# 13ft NRS otter



## Norcalocal (Mar 31, 2016)

I recently acquired a 13 ft NRS otter. It's in decent shape with one patch on the main tube. I'm concerned about taking it on class IV and V water because it only has two main tube chambers, however the previous owner told me he had taken it on class V. Does anyone have any experience with the two chamber Otters. Are there any recommendations, precautions, or advise about this type of boat? I plan to run it with oars, paddles, and both.


----------



## dirtbagkayaker (Oct 29, 2008)

The otter is a good boat. If it is self bailing and in good shape. Chambers usually don't go and if they do, one is better than none and 3 out of four still sucks. Your right to be concerned about class 5 water. Not just with the quality of gear but the level of talent needed from the crew. The overwhelming majority of boaters skilled enough to captain class 5 in a raft would know the answers to your question. So because you need to ask, my response to you would be to stay out of class 5 water. Start slow and see what you can accomplish. Run hard class 3 to easy 4 road side. if all good then move up.


----------



## Norcalocal (Mar 31, 2016)

Thanks for the feedback, that gives me some confidence that the boat can handle some more challenging water. I also appreciate your advise to work up to the skill level necessary for harder water; I am experienced rowing and paddling rivers that have several class 4 and a few class 5 rapids.


----------



## Noswetnam (Mar 8, 2016)

I ve had 2001 otter since it was new and still serves me well. It's been on everything from the tatshenshini to cataract to day trip paddle boating. Yes there are better boats out there and there are things I don't like ie lack of handles, d rings ( easily fixable) the 2 tube Chambers with valves on the side of the boat make it a pain to deflate. It's been a great boat plan on passing it on to the kids. As far as running class v with it ...Have fun


----------



## Norcalocal (Mar 31, 2016)

Noswetnam said:


> I ve had 2001 otter since it was new and still serves me well. It's been on everything from the tatshenshini to cataract to day trip paddle boating. Yes there are better boats out there and there are things I don't like ie lack of handles, d rings ( easily fixable) the 2 tube Chambers with valves on the side of the boat make it a pain to deflate. It's been a great boat plan on passing it on to the kids. As far as running class v with it ...Have fun


Exact response I was hoping to hear! Thanks


----------



## Quiggle (Nov 18, 2012)

I own an Otter 13. Its from 2013 and has three main chambers and the floor. I plan on taking it out to the kern this year as a paddle rig. I used to run an otter 12 on the Kern. Have run the Forks and all the lower sections in that boat. It didn't bail as fast a 13-e but is small light and paddles great! Small boats are fun!


----------



## brendodendo (Jul 18, 2004)

I'd say run the boat on a few IV runs and get used to it. Then step it up once your confident with the boat (and crew).

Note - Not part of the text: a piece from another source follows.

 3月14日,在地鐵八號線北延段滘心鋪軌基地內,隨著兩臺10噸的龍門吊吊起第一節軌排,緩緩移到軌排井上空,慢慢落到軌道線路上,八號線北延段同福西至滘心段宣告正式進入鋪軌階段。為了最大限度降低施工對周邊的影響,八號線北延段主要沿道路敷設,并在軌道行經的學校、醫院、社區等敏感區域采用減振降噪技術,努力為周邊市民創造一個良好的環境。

Thread Jack Alert: Quiggle, When are you headed out for some Kern action? I have had the Forks on my To Do list for some time now. Defiantly want to get on it if it runs this year. Hit me up on PM.


----------



## Quiggle (Nov 18, 2012)

Well the wife and I are in the process of moving to Phoenix. Ideally Ill be out there anywhere from the last week in May to the end of June? The Forks is bad ass, very committing and the most technical continous class 5 I've ever run, well there is Cherry Creek too. My days of running the forks at 2 grand plus are done, Id be interested around 900-1200 ish. Also hoping the damn dam makes a lower season happen to. 

I have many good friend in the kern river valley that would love to talk logistics and planning a forks trip if your in the area.


----------